PROMPT: Beginning with the line that contains "Servite la cheesecake", restate each line below through the final one exactly, and exclude the pictures.

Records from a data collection
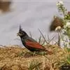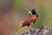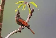 凤头鹀:属小型鸣禽,体重21-31克,体长134-175毫米。以头顶的细长羽冠为特征,雄鸟全身几乎均为黑色具蓝色光泽,两翅和尾以及尾上覆羽栗红色。雌鸟具短的褐色羽冠,上体暗橄榄褐色,…全部>>
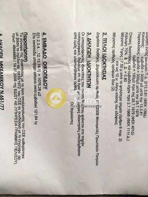Οικοπεδο 1076τμ εντος οικισμου αρτιο και οικοδομησιμο καλυψη 0,70 συντελεστης δομησης 0,8 μεγιστο υψος 7,50 απο το ψηλοτερο σημειο μεγιστος αριθμος οροφων 2 Στο οικοπεδο υπαρχει ισογεια κατοικια 122τμ κτισμενη το 1958 εχει αναικαινιστει γυρω στο 1976 και χρηζει επισκευης
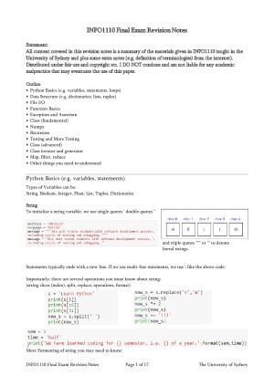 This is a comprehensive summary of this unit made by a private tutor for programming. I have done the java programming unit last year, hence I have some idea of how to the final exam for INFO1110 Python unit. This is very helpful for preparing your final exam and checking anything you should know but missed. Every point is with at least an example. Also, some tips. Outline Python Basics (e.g. variables, statements, loops) Data Structure (e.g. dictionaries, lists, tuples) File I/O Function Basics Exception and Assertion Class (fundamental) Numpy Recursion Testing and More Testing Class (advanced) Class iterator and generator Map, filter, reduce Other things you need to understand Please see the example notes for a preview. Good Luck for your exam!
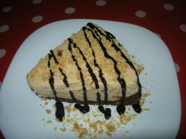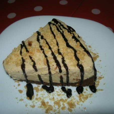 Servite la cheesecake con un topping al cioccolato e arachidi salati tritati.
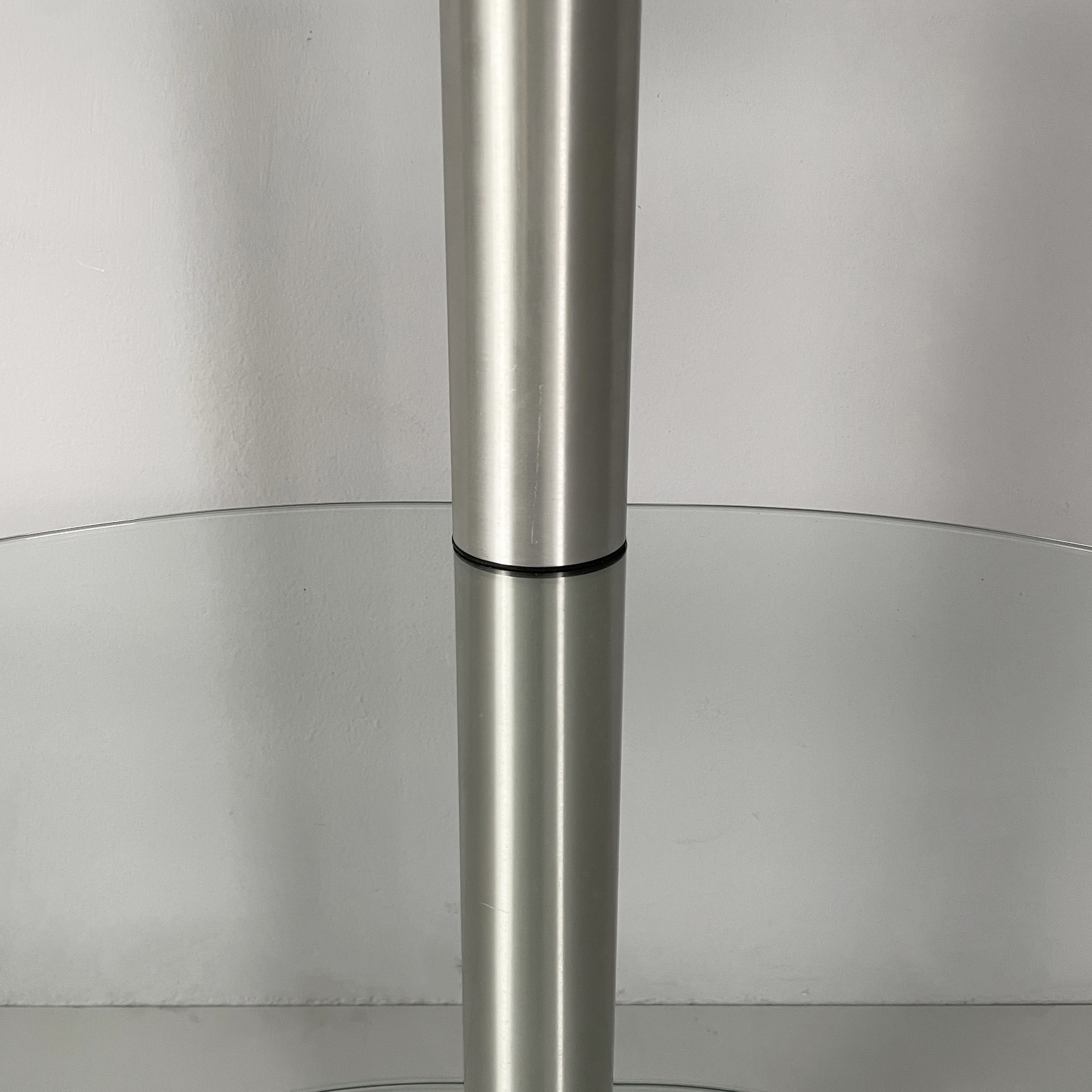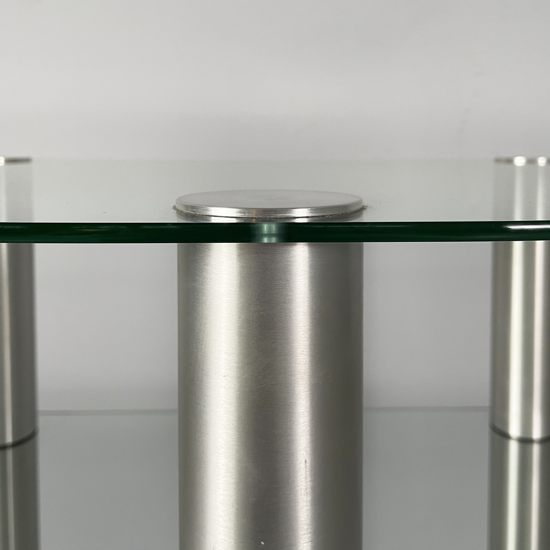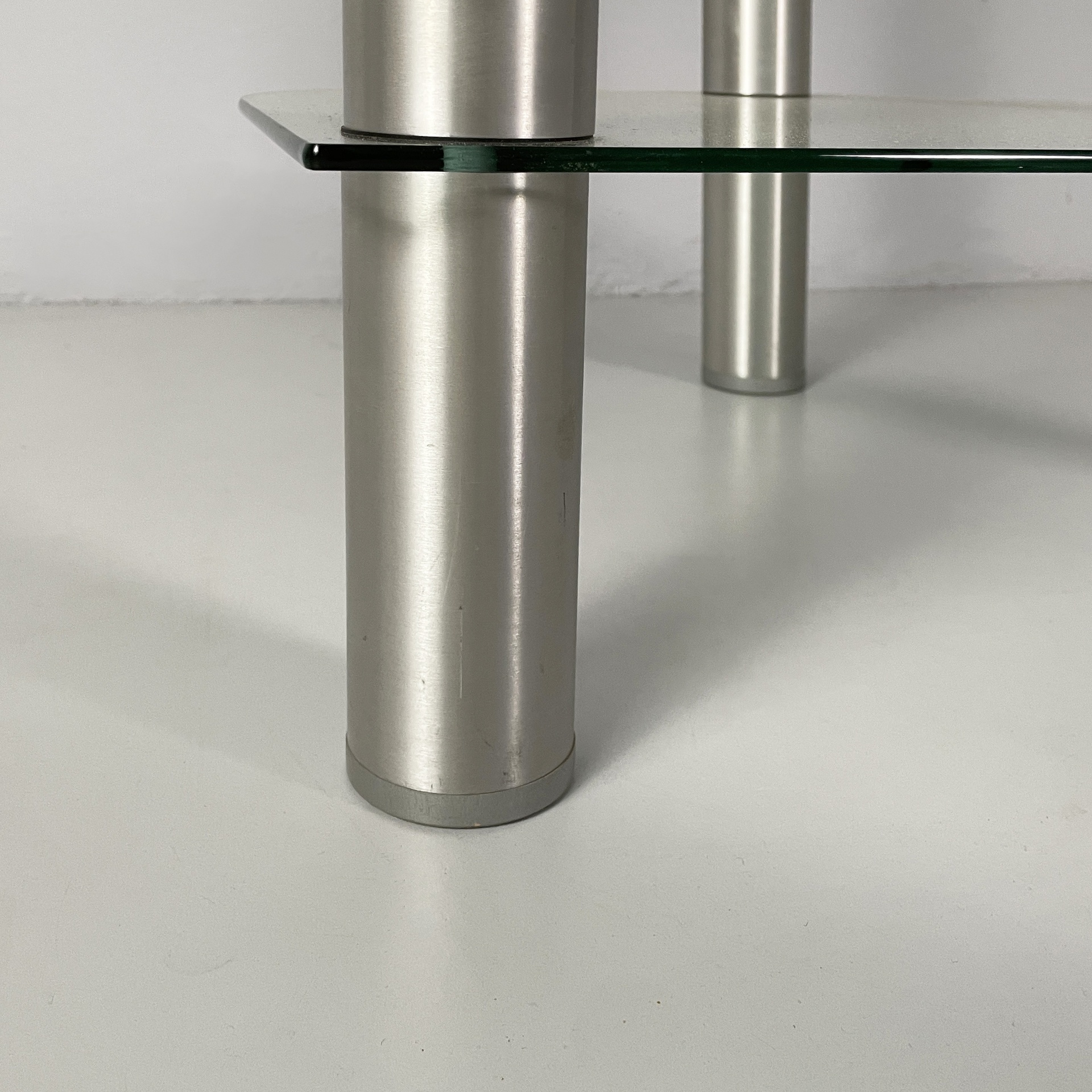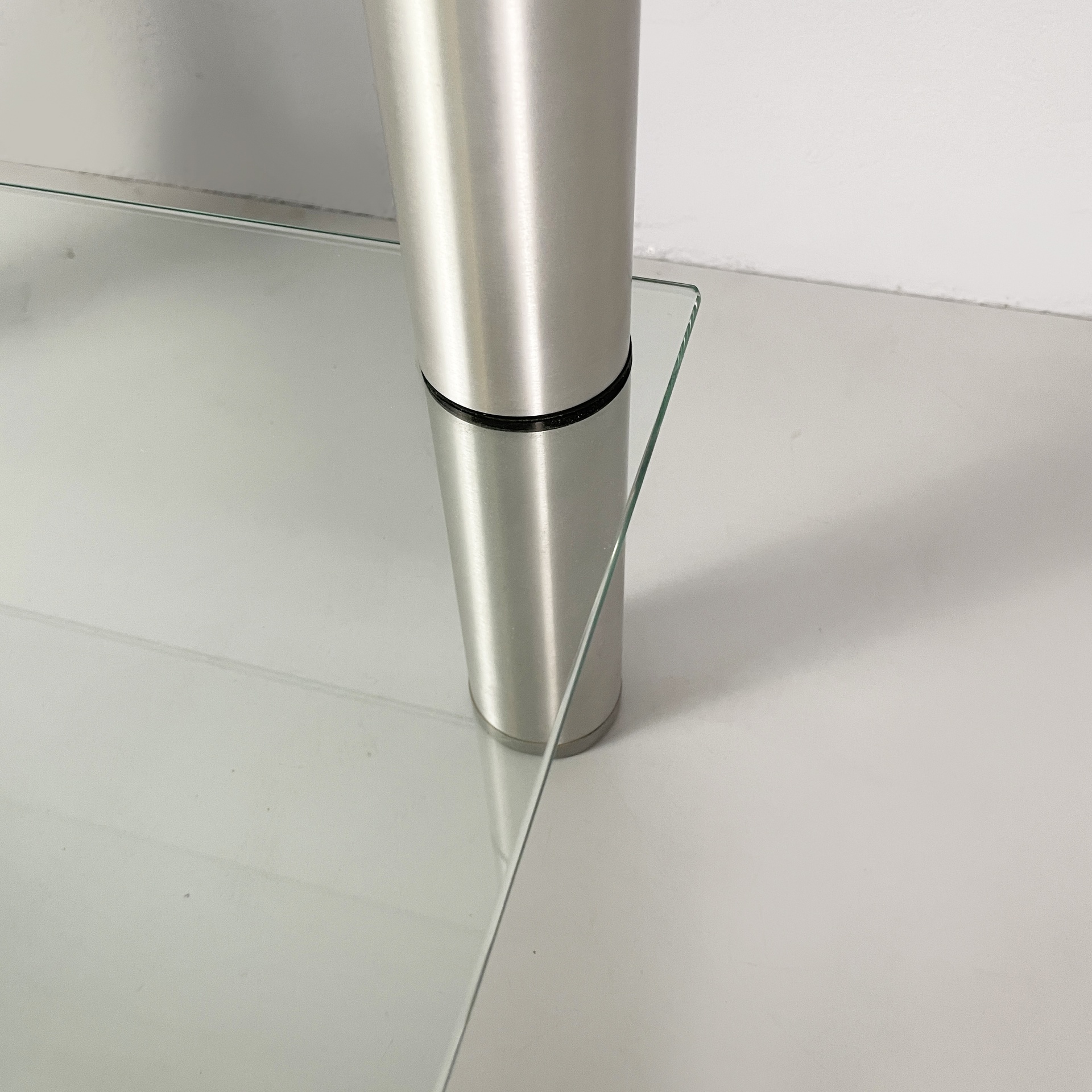 Tavolo da caffè a tre piani a semicerchio in vetro. I piani sono divisi da tre strutture cilindriche in acciaio. Zampe cilindriche in acciaio. Utilizzabile come tavolo per giradischi o per impianto stereo.

ANSWER BOX:
 Servite la cheesecake con un topping al cioccolato e arachidi salati tritati.
 Tavolo da caffè a tre piani a semicerchio in vetro. I piani sono divisi da tre strutture cilindriche in acciaio. Zampe cilindriche in acciaio. Utilizzabile come tavolo per giradischi o per impianto stereo.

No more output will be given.